A translation model may generate fluent but incorrect text. Fluency does not guarantee factual accuracy.

### Low-Resource Translation

Some language pairs have limited parallel training data.

Common strategies include:

| Method | Idea |
|---|---|
| Multilingual pretraining | Share knowledge across languages |
| Back-translation | Generate synthetic parallel data |
| Transfer learning | Fine-tune from related languages |
| Unsupervised translation | Use monolingual corpora only |
| Retrieval augmentation | Retrieve similar bilingual examples |

Back-translation is particularly important. A reverse translation model generates synthetic source sentences from target-language monolingual data, increasing training data size.

### Translation with Large Language Models

Large language models can perform translation without task-specific fine-tuning.

For example:

```text id="x04d40"
Translate to German:
The weather is beautiful today.
```

The model generates:

```text id="76zv2r"
Das Wetter ist heute schön.
```

Instruction tuning and multilingual pretraining allow general-purpose models to perform translation as one capability among many.

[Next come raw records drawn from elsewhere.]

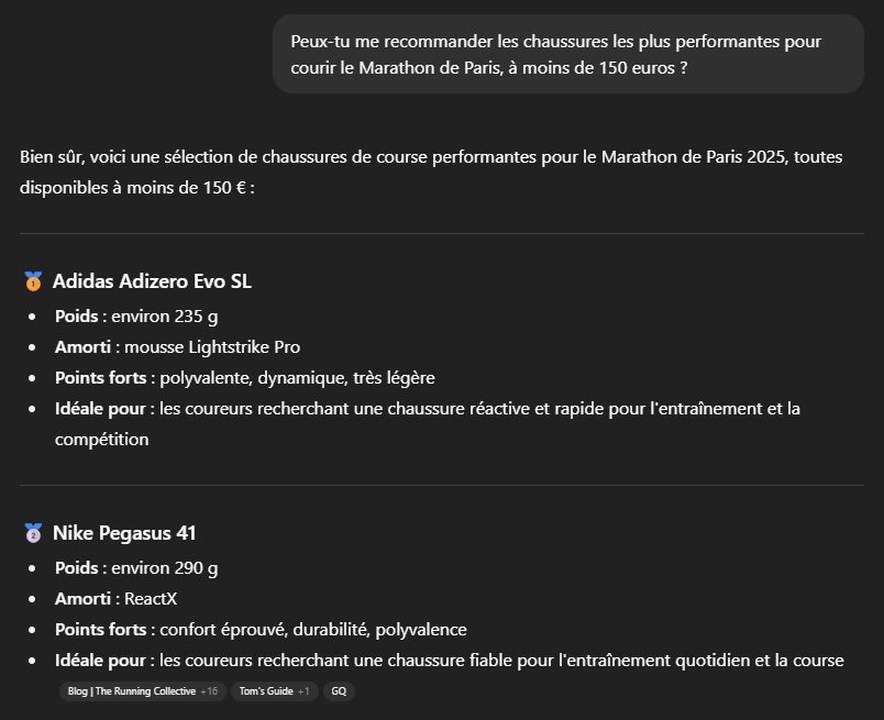 Autre situation classique, ce client recherche des informations cette fois sur le type de produit que vous vendez (exemple : une paire de chaussure de running), mais les réponses des IA ne citent que les références de vos concurrents, vos produits restent invisibles dans les résultats.
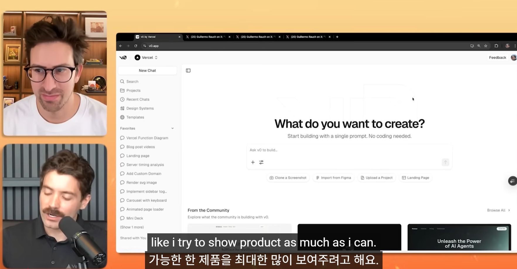 기예르모는 실제로 자기 회사 블로그에 새로운 기능을 추가할 때, 슬랙으로 10개의 메시지를 보내는 대신 그냥 v0에 들어가서 자기가 원하는 걸 프롬프트로 뚝딱 만들어 버린대. "여기엔 이런 기능이 있고, 비디오 마커를 누르면 이렇게 점프했으면 좋겠어." 이렇게 만든 '살아있는 프로토타입'을 팀에 공유하면 그걸로 끝이야. 커뮤니케이션 비용이 0이 되는 거지.
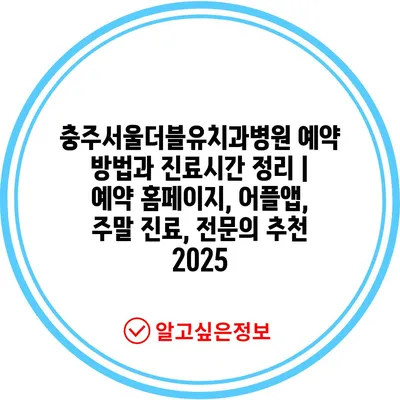 ✅ 충주서울더블유치과병원 예약 방법을 자세히 알아보세요.
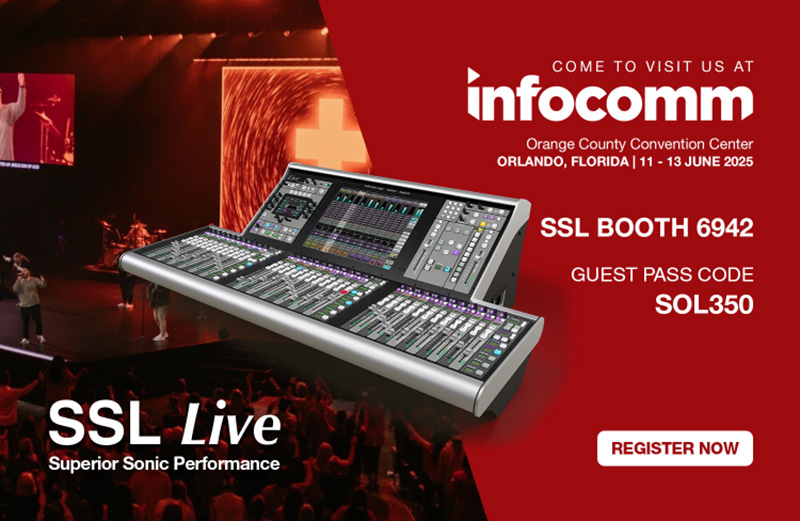 SSL is pleased to be exhibiting at InfoComm once again, and looks forward to meeting with attendees. For a free SSL VIP guest pass, use code SOL350. To book a personal appointment in advance with an SSL expert, please visit the InfoComm Events Page.
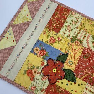 2 Handmade quilted table runners multicolored patchwork, spring & fall colors

However, specialized translation systems may still outperform general LLMs on domain accuracy, terminology consistency, and latency.

### Summary

Machine translation maps source sequences to target sequences. Modern systems are usually transformer-based sequence-to-sequence models with encoder-decoder architectures and attention mechanisms.

Tokenization converts text into subword units. The encoder computes contextual source representations. The decoder autoregressively predicts target tokens while attending to the source sequence.

Training usually uses teacher forcing and cross-entropy loss. Inference uses greedy decoding or beam search. Evaluation relies on metrics such as BLEU and learned semantic scoring systems. Multilingual and large language models extend translation to many languages and tasks within a unified architecture.